Now and then he answered the calls which Allen sent out. He did this because he had a horror of getting lost. These woods seemed everlastingly big to him; and he could just imagine the terrible condition that must face any tenderfoot scout who managed to stray away from contact with his camp mates.
About three quarters of an hour had gone now, and as yet no cry announcing the successful find had come pealing along the line. Bumpus was beginning to feel tired, without any question. He admitted it to himself, but grudgingly, for he did not want to halt the proceedings, now that they were actually engaged in the bee hunt.
He refreshed himself at every water hole he came to, whether it were a running brook, or just a tiny pond with a thin skim of ice along the shore.

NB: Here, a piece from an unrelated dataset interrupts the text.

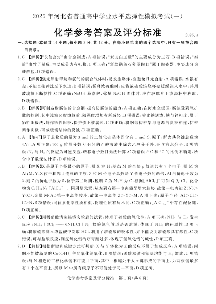 河北省承德+张家口市2024-2025学年下学期高三一模考试化学答案

They were passing through a rather thick patch of woods when Bumpus felt another thrill. He felt certain that he had caught something that sounded like the buzzing of a swarm of insects; and as he had more than once meddled with the hive his people had at home, Bumpus was well qualified to know what the droning might be like.

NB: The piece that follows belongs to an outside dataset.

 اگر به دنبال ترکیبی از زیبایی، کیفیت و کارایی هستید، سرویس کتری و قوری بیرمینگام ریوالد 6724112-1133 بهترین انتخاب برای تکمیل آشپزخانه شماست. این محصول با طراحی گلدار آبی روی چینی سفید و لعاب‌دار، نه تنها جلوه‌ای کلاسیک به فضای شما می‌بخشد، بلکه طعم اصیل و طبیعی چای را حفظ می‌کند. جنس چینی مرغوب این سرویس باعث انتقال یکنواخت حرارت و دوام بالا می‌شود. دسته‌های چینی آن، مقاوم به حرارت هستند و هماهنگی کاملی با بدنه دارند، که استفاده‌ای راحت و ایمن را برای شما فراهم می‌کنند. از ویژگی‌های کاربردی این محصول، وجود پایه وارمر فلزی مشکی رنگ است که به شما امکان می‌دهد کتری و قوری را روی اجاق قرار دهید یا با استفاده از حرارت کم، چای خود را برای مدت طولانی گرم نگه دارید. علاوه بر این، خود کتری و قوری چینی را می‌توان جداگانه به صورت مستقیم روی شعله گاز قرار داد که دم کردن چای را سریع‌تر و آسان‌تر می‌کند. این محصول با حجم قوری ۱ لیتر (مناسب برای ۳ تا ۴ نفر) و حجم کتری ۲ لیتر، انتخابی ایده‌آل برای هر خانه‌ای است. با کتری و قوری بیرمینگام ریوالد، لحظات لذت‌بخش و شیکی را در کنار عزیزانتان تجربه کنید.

Eagerly did he look upward, all around him. Then he began to locate the quarter from which it seemed to come, and in so doing brought to bear what little woods’ lore he had managed to pick up; for he actually noted the direction of the slight breeze, and how the noise came to him more clearly as he moved to a certain point.
Finally he believed it must come from one tree in particular. He made several tests, and each time his conviction grew more and more positive. And still the droning kept up. But the tree was a very tall one, and Bumpus had never trained his eyes to detecting small objects at a distance. In fact, some of his friends had even declared that he must be near-sighted, though he stoutly denied this.
Then suddenly, he saw a confused blur between himself and the blue sky above the tops of the trees. It actually moved back and forth in a singular swaying way.
Bumpus thrilled now with new pride. He fully believed that in this tall tree of the Maine woods he had actually located a bee hive that would assure them all the clarified sweetness they could carry away.
And when he had made as sure of this as he could, Bumpus put his trembling hands to his mouth, and sent out in his loudest tones the call agreed upon to tell the others that he, Bumpus, had after all been the one to succeed.